AZS prawdopodobnie przystąpi do rozgrywek od drugiej rundy, w połowie listopada. Póki co, musi zbudować drużynę, która - co w Białymstoku byłoby sukcesem - ominie wreszcie baraże o utrzymanie. Tworzenie ekipy powierzono Czesławowi Tobolskiemu. Doświadczony trener pozostanie na swoim stanowisku.

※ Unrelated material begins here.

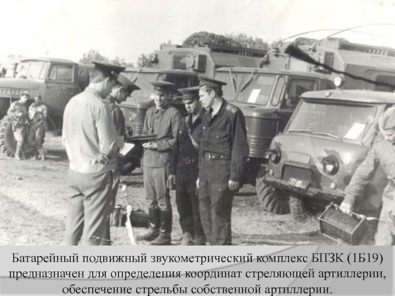 Слайд 18Батарейный подвижный звукометрический комплекс БПЗК (1Б19) предназначен для определения координат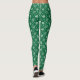 Green and white snowflakes adorn these holiday Christmas winter leggings

- Budowa czegoś nowego to zawsze przyjemność. Możemy mieć ogromną satysfakcję jeśli się uda. Chcę mieć w drużynie 6-7 doświadczonych siatkarek, które będą stanowić trzon zespołu. Resztę składu uzupełnić mają zdolne, perspektywiczne juniorki - mówi Tobolski.

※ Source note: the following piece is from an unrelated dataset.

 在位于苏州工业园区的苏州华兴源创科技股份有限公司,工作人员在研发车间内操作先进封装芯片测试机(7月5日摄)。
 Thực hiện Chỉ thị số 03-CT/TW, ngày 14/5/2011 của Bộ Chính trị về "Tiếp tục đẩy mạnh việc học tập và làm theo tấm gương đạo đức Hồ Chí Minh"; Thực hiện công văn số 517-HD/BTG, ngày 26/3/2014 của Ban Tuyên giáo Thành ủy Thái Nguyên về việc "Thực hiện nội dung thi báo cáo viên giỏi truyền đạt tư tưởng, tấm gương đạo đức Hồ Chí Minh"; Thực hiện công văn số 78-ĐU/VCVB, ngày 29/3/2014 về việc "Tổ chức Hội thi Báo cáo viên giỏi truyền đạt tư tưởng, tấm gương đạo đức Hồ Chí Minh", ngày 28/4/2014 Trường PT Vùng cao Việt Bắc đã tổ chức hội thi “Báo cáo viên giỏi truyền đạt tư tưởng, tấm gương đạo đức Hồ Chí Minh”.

W nowym sezonie zielono-białe barwy AZS-u ponownie powinny przywdziać zawodniczki z ważnymi kontraktami: Sinead Jack, Channon Thompson, Ewa Cabajewska, Anna Łozowska, Agata Durajczyk i Joanna Szeszko. Już wiadomo, że do dwóch młodych Trynidadek dojdzie starsza rodaczka. Trzyletni kontrakt z AZS-em podpisała 26-letnia Rheeza Grant, przyjmująca reprezentacji malutkiego, karaibskiego państwa.
- Na pewno czeka ją sporo pracy, ale dzięki predyspozycjom i możliwościom fizycznym, szybko powinna osiągnąć poziom polskiej ekstraklasy, tak jak Sinead i Channon- zapewnia Humbla.
Inne nazwiska na razie nie padają. Mają pojawić się w najbliższych dwóch tygodniach. Już wiadomo, że zespołu odejdą natomiast: Dominika Sieradzan (do Muszynianki Muszyna), Jelena Kowalienko i Ksenia Sizowa (powrót z wypożyczenia do Urałoczki Jekaterynburg) oraz Małgorzata Właszczuk (wyjazd na studia do USA). Jak podały media, w tworzącym drużynę gwiazd pierwszoligowym Chemiku Police znalazła się Lucie Muhlsteinova, ostatnio rozgrywająca AZS-u. W Białymstoku toczą się rozmowy w sprawie przedłużenia kontraktów z Aleksandrą Kruk i Dominiką Kuczyńską.